Scalability of graph embedding:
With the rapid growth of social networks, which contain millions and billions of nodes and edges, We expect to see graphs of a larger scale and higher diversity. How to embed enormous graph data efficiently and accurately is still an open problem. Deep neural network models have the state-of-the-art performance. However, these methods suffer the low efficiency problem. They rely on modern GPU to find the optimal parameters. Better paradigms are needed for processing large-scale graphs. One possibility is to use a feedforward machine-learning design to process the graph without BP. Another option is to use better graph coarsening or partitioning method to preprocess the data.
Interpretability of graph embedding:
Most state-of-the-art graph embedding methods are built upon CNNs, which are trained with BP to determine their model parameters. However, the training complexity is very high. Some research was performed to lower the training complexity such as quickprop [130]. However, training model parameters iteratively using BP is still time consuming and hardware demanding. In addition, CNNs are mathematically intractable.

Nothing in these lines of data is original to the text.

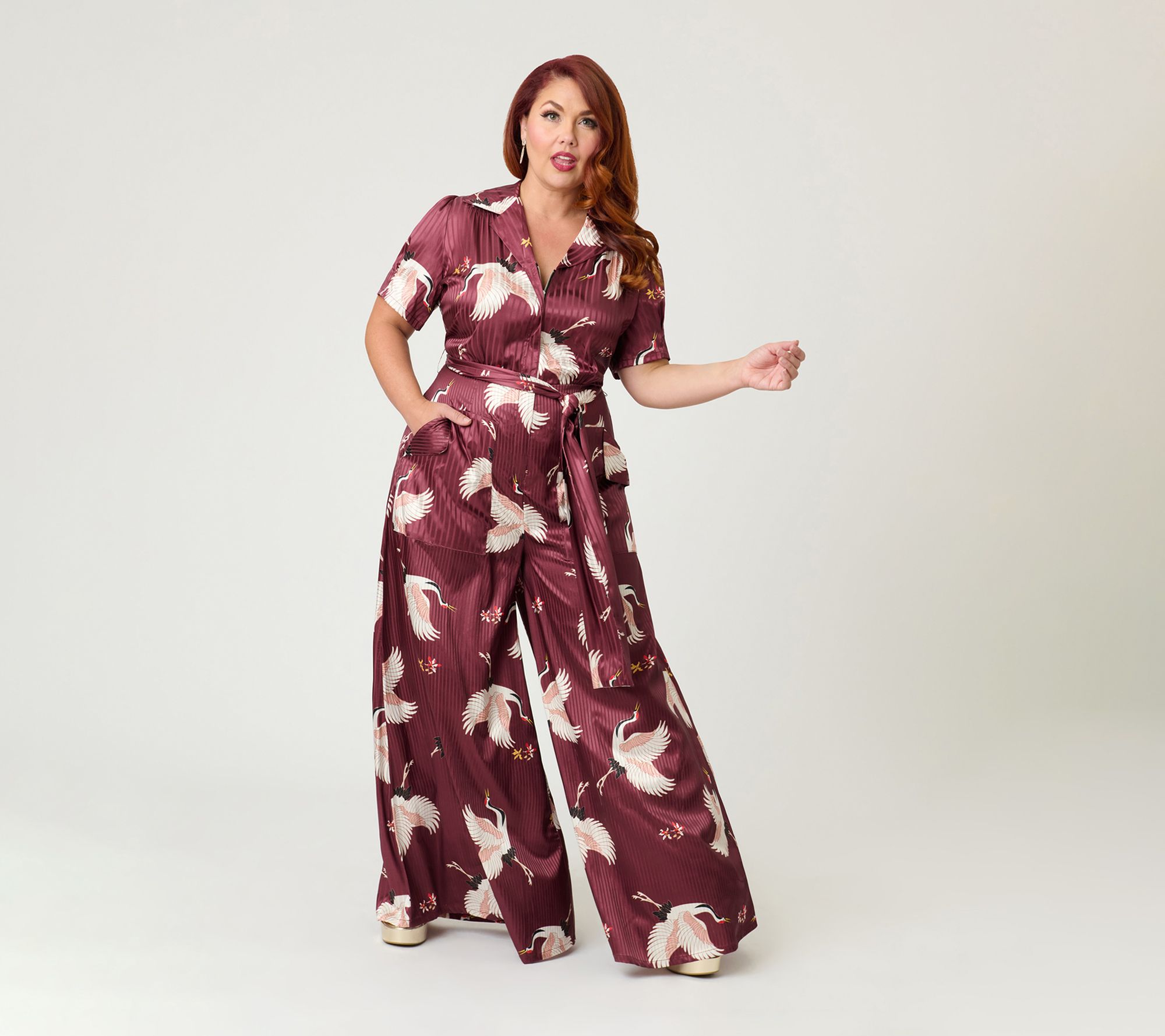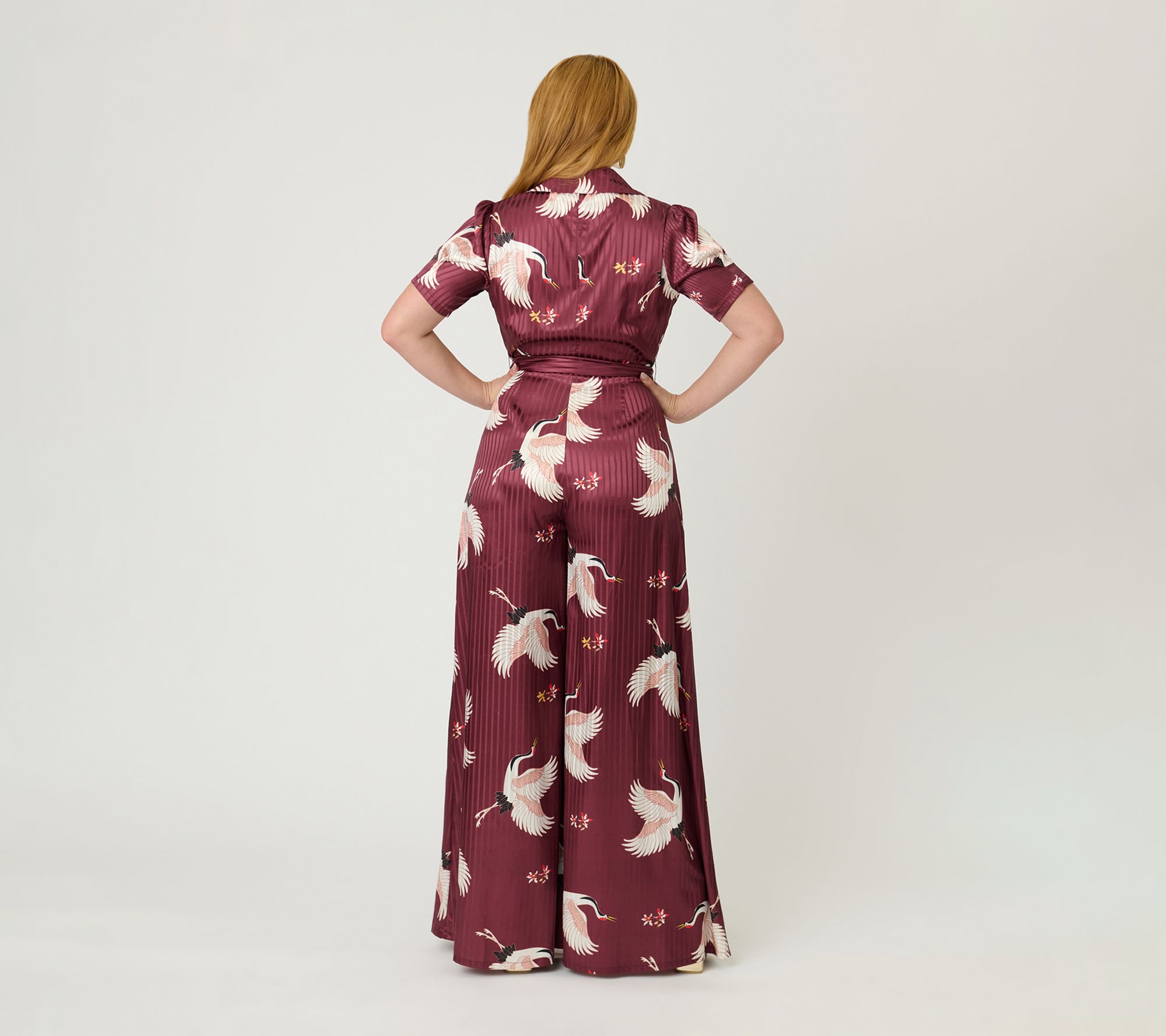 A statement jumpsuit that instantly transforms your look -- whether you're attending a special event or heading out for a stylish brunch. The lively burgundy hue paired with white crane motifs brings an artistic flair, while the flared silhouette offers comfort and movement for those days when you want to stand out. From Unique Vintage.
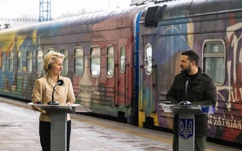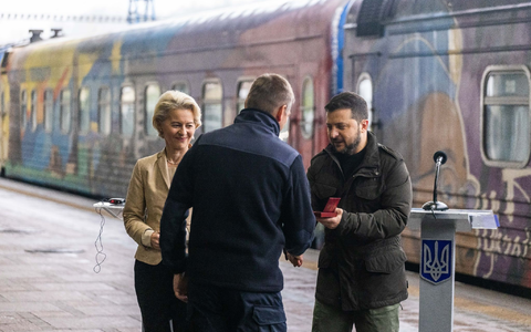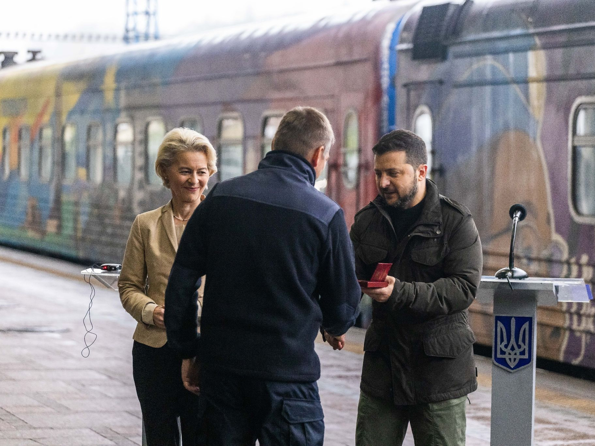 Selenskyj sagte mit Blick auf die Beitrittsverhandlungen, der Besuch finde in einem «historischen Moment» statt. «Diese Entscheidung wird nicht nur für die Ukraine, sondern auch für ganz Europa eine Schlüsselrolle in der Geschichte spielen.» Der ukrainische Präsident hatte von der Leyen bereits am Bahnhof begrüßt, was bei solchen Besuchen eher ungewöhnlich ist. Gemeinsam zeichneten sie anschließend Mitarbeiter der Bahn mit Medaillen aus.
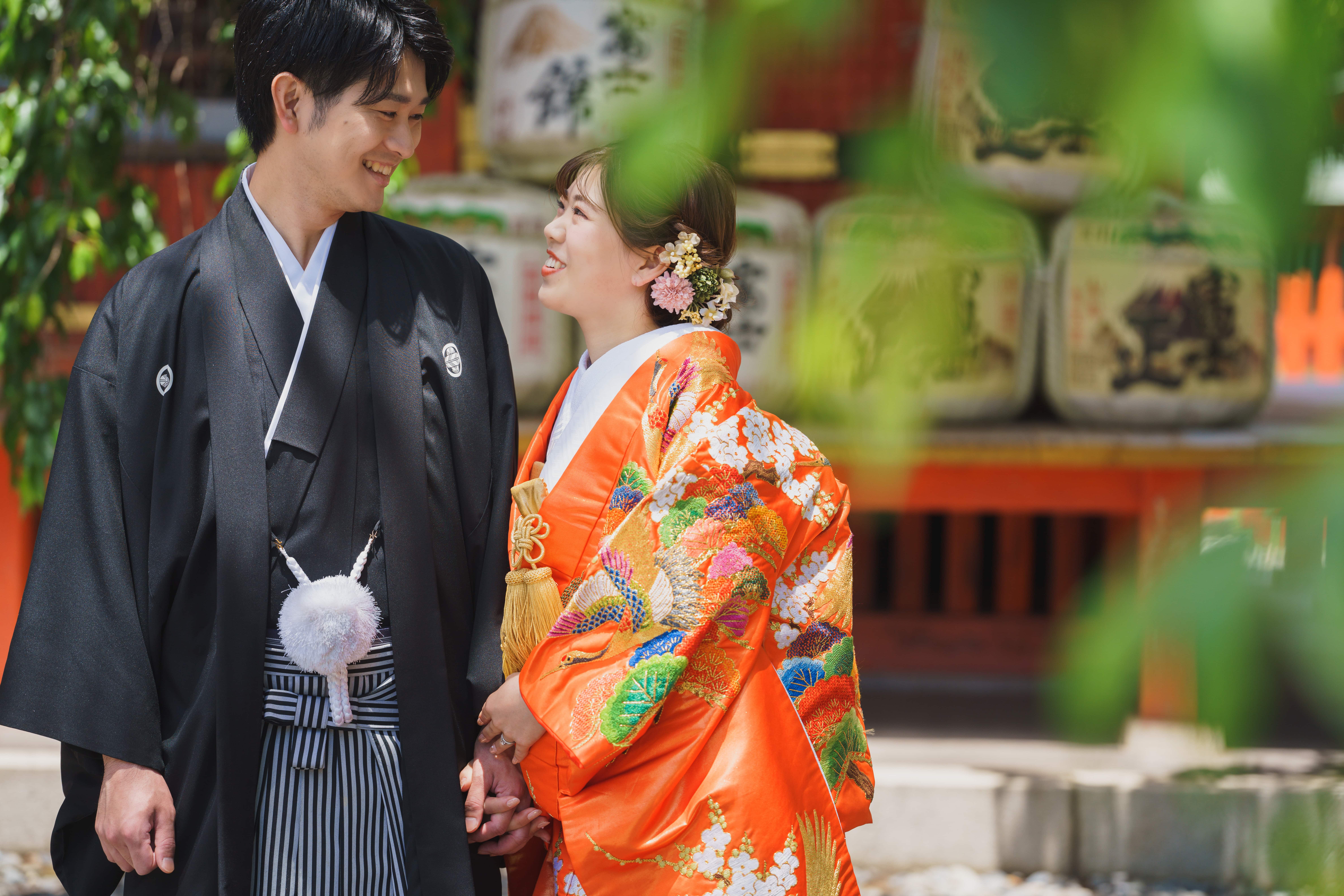 ゆっくりと話しながら歩くおふたり。おふたりを囲む木々の緑にご新婦様の朱色のお着物がしっかりと映えていて目を惹きます。

Very recently, some researchers have tried to explain the interpretability of neural network models [131, 132]. The authors in [133] attempt to explain CNNs using an interpretable and feedforward (FF) design without any BP. The work in [133] adopts a FFdata-centric approach to network parameters of the current layer based on data statistics from the output of the previous layer in a one-pass manner. It would be worthwile to apply FF machine-learning methods to graph embedding tasks. An interpretable design as an alternative to advanced neural network architectures can shed light on current graph embedding-related machine-learning research.
VIII. Conclusion
A comprehensive survey of the literature on graph representation learning techniques was conducted in this paper. We examined various graph embedding techniques that convert the input graph data into a low-dimensional vector representation while preserving intrinsic graph properties. Besides classical graph embedding methods, we covered several new topics such as neural-network-based embedding methods, hypergraph embedding and attention graph embedding methods. Furthermore, we conducted an extensive performance evaluation of several stat-of-the- art methods against small and large data sets. For experiments conducted in our evaluation, an open-source Python library, called the GRLL, was provided to readers. Finally, we presented some emerging applications and future research directions. We hope our work can inspire more follow-up work in graph embedding.